All normal-path costs are dominated by the measurement floor (~42 ns).
| Operation | Mean | Median |
|---|---|---|
on_scope_exit — empty lambda, normal exit |
~62 ns | 42 ns |
ScopeGuard EXIT — direct construction |
~69 ns | 42 ns |
on_scope_exit — no-capture lambda |
~59 ns | 42 ns |
on_scope_success — callable runs |
~59 ns | 42 ns |
ScopeGuard SUCCESS — direct construction |
~61 ns | 42 ns |
on_scope_fail — callable skipped |
~58 ns | 42 ns |
ScopeGuard FAIL — direct construction |
~58 ns | 42 ns |
on_scope_exit — dismissed |
~56 ns | 42 ns |
on_scope_success — dismissed |
~62 ns | 42 ns |
on_scope_fail — dismissed |
~56 ns | 42 ns |
The median of 42 ns for all these cases confirms they complete in sub-tick time. The means are slightly above the floor due to occasional OS interrupts and cache effects.

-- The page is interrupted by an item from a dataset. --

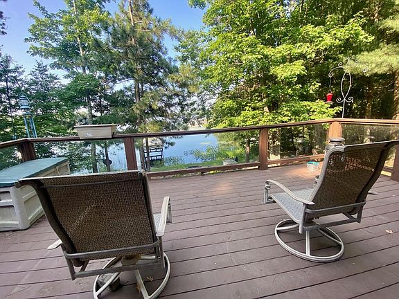 Located on Lake George this 3bedroom 3 full bath house with attached 2 car garage is ready for a new family to enjoy. The kitchen has oak cabinets, newer stainless steel appliances breakfast island and is open to the dining room & living room. The lakeside deck has steps to the lake and a patio door to the living room. The master bedroom suite has a full bath with, walk in closet and a beautiful lake view. The second bedroom has a shared bathroom with walk in tub and a smaller walk-in closet. There is main floor laundry with the seasonal sunroom adjacent. The walk out lower level has a bedroom, large family room with a pellet stove, large windows to enjoy the lake views, a full bathroom, & a work bench area in the utility room. This property includes a lakeside shed, shore station, fenced in garden area, whole house generator, all appliances, black topped driveway and a large storage room above the garage that would make a perfect art studio.

Each iteration includes a throw std::runtime_error and a catch(...).
| Operation | Mean |
|---|---|
on_scope_fail — callable runs during unwinding |
~5.79 µs |
on_scope_success — callable skipped during unwinding |
~5.15 µs |
on_scope_exit — callable runs during unwinding |
~4.78 µs |
The ~5 µs cost is dominated by C++ exception machinery (stack unwinding, RTTI, exception object allocation), not by the guard itself. The guard's contribution (an extra std::uncaught_exceptions() call and conditional branch) is lost in the noise of exception handling.
| Operation | Mean |
|---|---|
| EXIT guard — one int by ref | ~43 ns |
| EXIT guard — four ints by value | ~41 ns |
Capture size has no measurable impact. The callable is stored inline in the ScopeGuard object (no heap allocation), and the compiler optimizes the lambda body regardless of how many values are captured.
| Operation | Mean |
|---|---|
| Two EXIT guards — LIFO destruction | ~44 ns |
| Four EXIT guards — LIFO destruction | ~58 ns |
Each additional guard adds at most one extra std::uncaught_exceptions() read and one callable invocation. The cost scales linearly and remains in the sub-tick range.

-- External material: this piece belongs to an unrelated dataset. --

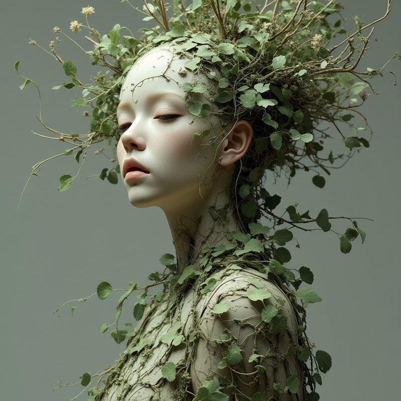 Женщина из лозы и листьев: гиперреалистичная скульптура в коллаже. Изображение из нейронной сети Flux - Flux.1 примеры промтов - Форум ИИ о нейросетях - Yes Ai
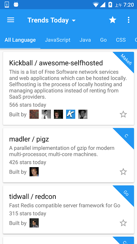 The Best Repo Trends Explorer for Github with Material Design.

ScopeGuard on the normal (non-exception) path is essentially free — the median cost is a single timer tick (42 ns), indicating the guard construction, condition check, and callable invocation all complete in under one tick. There is no heap allocation and no virtual dispatch.

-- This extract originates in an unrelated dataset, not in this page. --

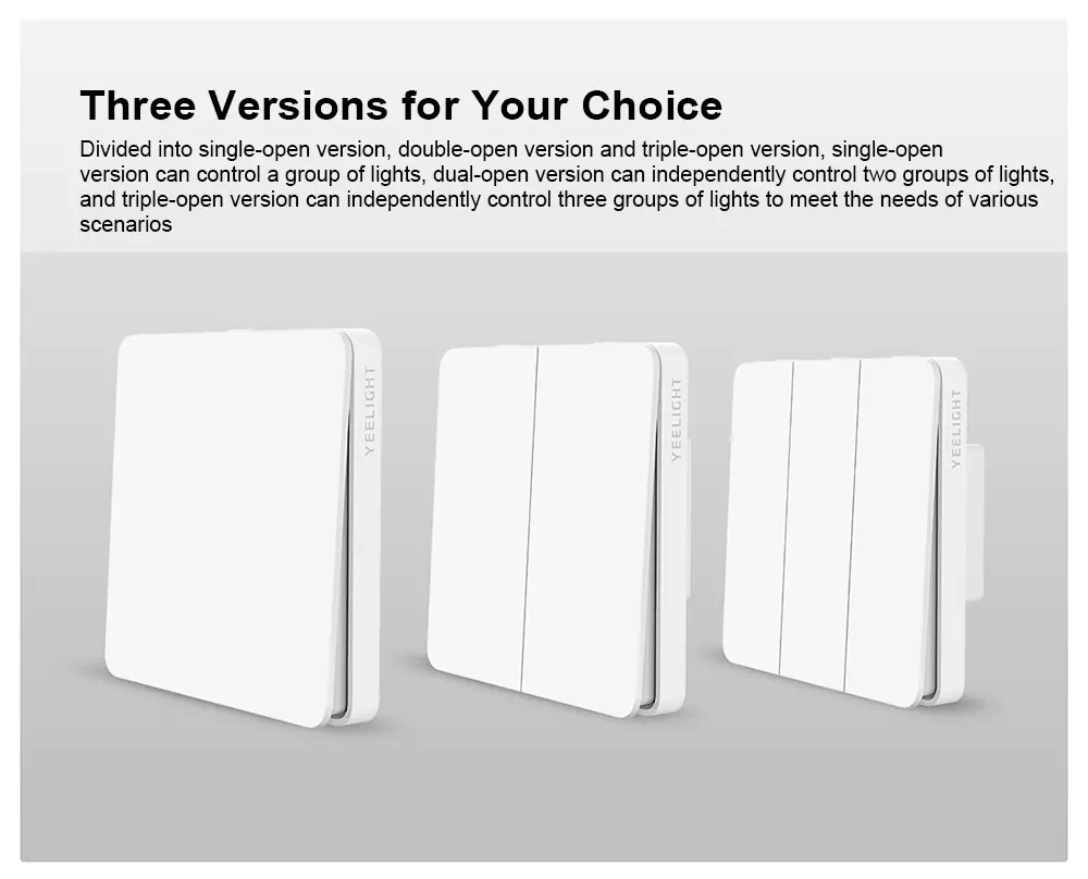 Разделенная на однооткрытую версию, двухоткрытую версию и тройную открытую версию, однооткрытую версию можно управлять группой ламп, двухоткрытую версию можно самостоятельно управлять двумя группами ламп, И тройная открытая версия может самостоятельно контролировать три группы света для удовлетворения потребностей различных сценариев

On the exception path, the ~5 µs cost is due entirely to C++ exception machinery, not to ScopeGuard. Using on_scope_fail for rollback adds no measurable overhead over not using a guard at all.
Lambda capture size (small vs large) and the number of simultaneous guards (up to 4) have no meaningful impact on performance.